Kidney biopsies are a key diagnostic tool in renal dysfunction; however, complications ranging from bleeding to hematoma requiring embolization can occur. There is conflicting evidence on how long to keep patients post-biopsy. Some studies show 100% of serious complications occur within 8 hours, while others show that one-third can occur after 8 hours. Shorter observation periods prevent unnecessary testing and help reduce healthcare costs.

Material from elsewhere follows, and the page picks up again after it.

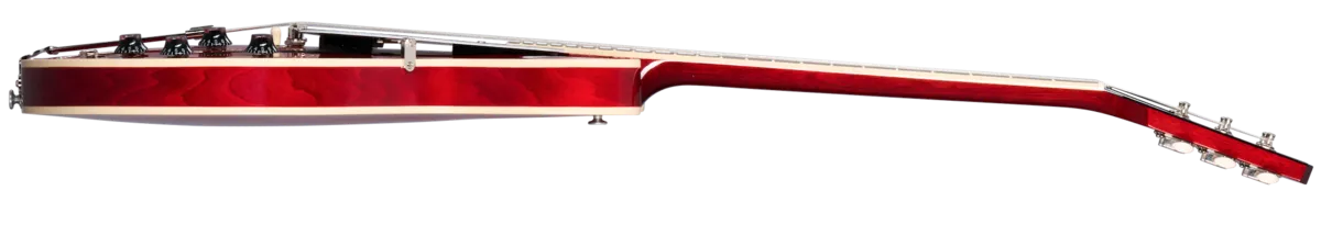 The Gibson ES-330 has garnered a reputation for its distinctive sound. comfortable playability. and classic aesthetics. making it a favorite among musicians seeking a versatile. vintage-inspired ESTU-style electric guitar. A close cousin of the Epiphone Casino"'. the ES-330 shares a similar fully-hollow thinline body made of 3-ply maple/poplar}maple and is Supremely resonant and warm-SOunding due to the hollOW body- trapeze tailpiece, and deep-set neck that creates an optimized bridge location. The mahogany nock has a cornfortable Rounded 'C' profile and features a rosewood fretboard With acrylic small block inlays and medium jumbo frets. The ES-330 is powered by a pair of Doggar P-90 pickups that are hand-wired to 500k potentiometers and Orange OropØ Capacitors for bright and Clear clean tones and wonderfully nasty, snarling tones when overdriven. The ES-330 is not only a great-sounding electric guitar for stage and studio use but is also equally enjoyable as a songwriting tool and is considered by many to be the ideal couch guitar" since it can be enjoyed equally well when unplugged and played acoustically. We•re proud to bring the ES-330 back to the Gibson catalog so players can once again have the opportunity to discover the mag ic Of this distinctive-sounding, vintage-insplred classic.

Our study aims to assess if patients can be safely discharged with a six hour observation period post-biopsy.

Methods

Single-center retrospective Quality Improvement (QI) study of patients undergoing outpatient percutaneous native kidney biopsy over last 5 years (n=177) divided into 2 groups:
-Group A: Same-day discharge after
-Group B: 23-hour observation after US-guided biopsy by Urology

Outcomes compared included timing of hemoglobin (Hb) drop post-procedure, readmission rates, need for transfusions, imaging or interventions.

Results

Of 177 patients, 75 (42.3%) were in Group A and 102 (57.6%) in Group B. Drop in Hb and post-biopsy complications were not significantly different between the groups. Three patients had bleeding complications, two of which required transfusion (Table). All three patients with bleeding complications had >10% Hb drop within first 6 hours post-biopsy. No readmissions related to biopsy occurred.

Conclusion

There were no major complications in either group. This QI study suggests that the majority of asymptomatic patients can be safely discharged at 6 hrs post-biopsy if Hb is stable. This could help reduce healthcare costs and burden to patients. This is a limited single center study: further larger studies are needed to confirm this.